Hello, my name is Kevin Irakoze, I am from Gitega, Burundi and I am a 4th year PhD student in Philosophy. It is a great pleasure to run the project Social and Academic Integration for Visually Disabled Youth this summer in Gitega. Disability in general, and visual disability in particular, is a great hindrance to education for Burundian youth. The project takes this realization as a starting point and seeks to support visually disabled high school students at Lycée Notre Dame de la Sagesse. The school, though a regular high school, started an initiative whereby students with various disabilities (mainly speech, hearing, and vision) can attend classes with other students. Life in the classroom is a rather beautiful one: sign language interpreters in classes, braille instructors copying student notes, etc. Heretofore visually disabled students had access only to a special school which often ended early and left the students with no option for the continuation of the studies. Not so beautiful an image. However, despite the high school’s efforts, behind the wonderful picture of diversity in the classroom lie difficulties that keep the disabled students behind their classmates insofar as various aspects of education are concerned. Among these one can cite the lack of sufficient essential materials, including slates and styluses the students use to take braille notes, or the absence of a braille or audio library for the students to read or listen to books. This project seeks to address some of these difficulties.

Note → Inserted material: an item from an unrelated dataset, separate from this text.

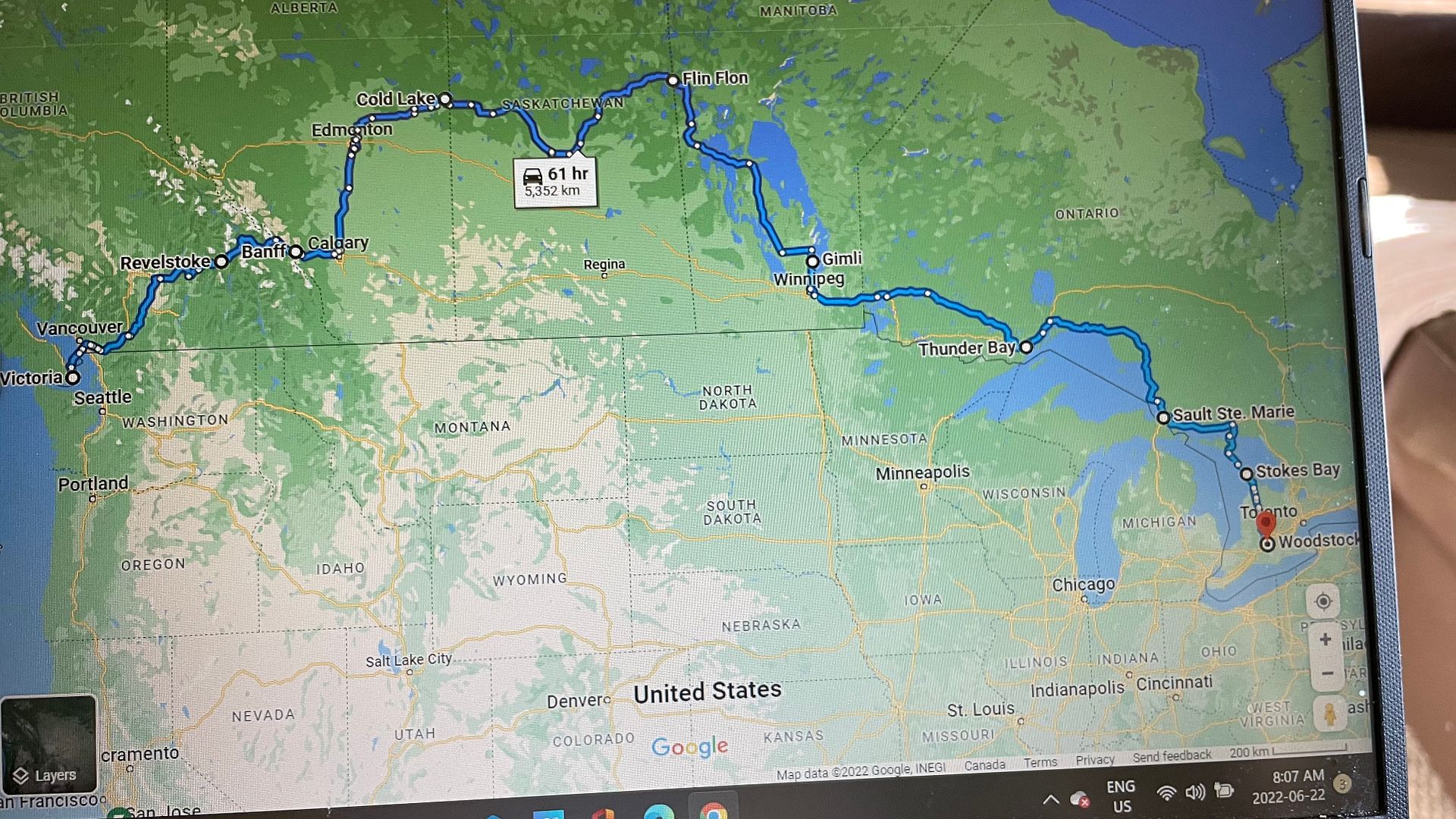 We are taking a more northern route there and it will take longer but much more interesting than the Prairies

As I prepare the first steps of the project implementation, I am filled with gratitude and excitement. Gratitude, first, to the Davis Projects for Peace and Mrs. Kathryn W. Davis for generous provision of the funds and, secondly, to International House for continued support and guidance in the process. And excitement in anticipation of the impact that the project will have on its beneficiaries, the students.

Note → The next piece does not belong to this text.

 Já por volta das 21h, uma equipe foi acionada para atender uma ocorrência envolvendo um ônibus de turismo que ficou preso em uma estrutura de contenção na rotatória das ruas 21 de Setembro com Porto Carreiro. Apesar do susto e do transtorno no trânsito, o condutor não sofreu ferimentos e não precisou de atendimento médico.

Thinking of the pandemic that we are currently living I reflect on how the current world situation affects the project. In the original plans, I hoped to purchase most of the need material (e.g. computers, braille embossers) from the US. But the impossibility of that now, as I sit in Burundi, call for creativity in securing the needed materials locally in a way that still satisfies the goals of the project as planned. Some part of this week was spent in an initial assessment of the availability of these needed items or of appropriate replacements when needed. Additionally, as the implementation of the project involves other actors, I have been setting up meetings with relevant collaborators. These include the authorities in charge of the school that the students attend and merchants. I look forward to the next couple of months to see how the project will turn out.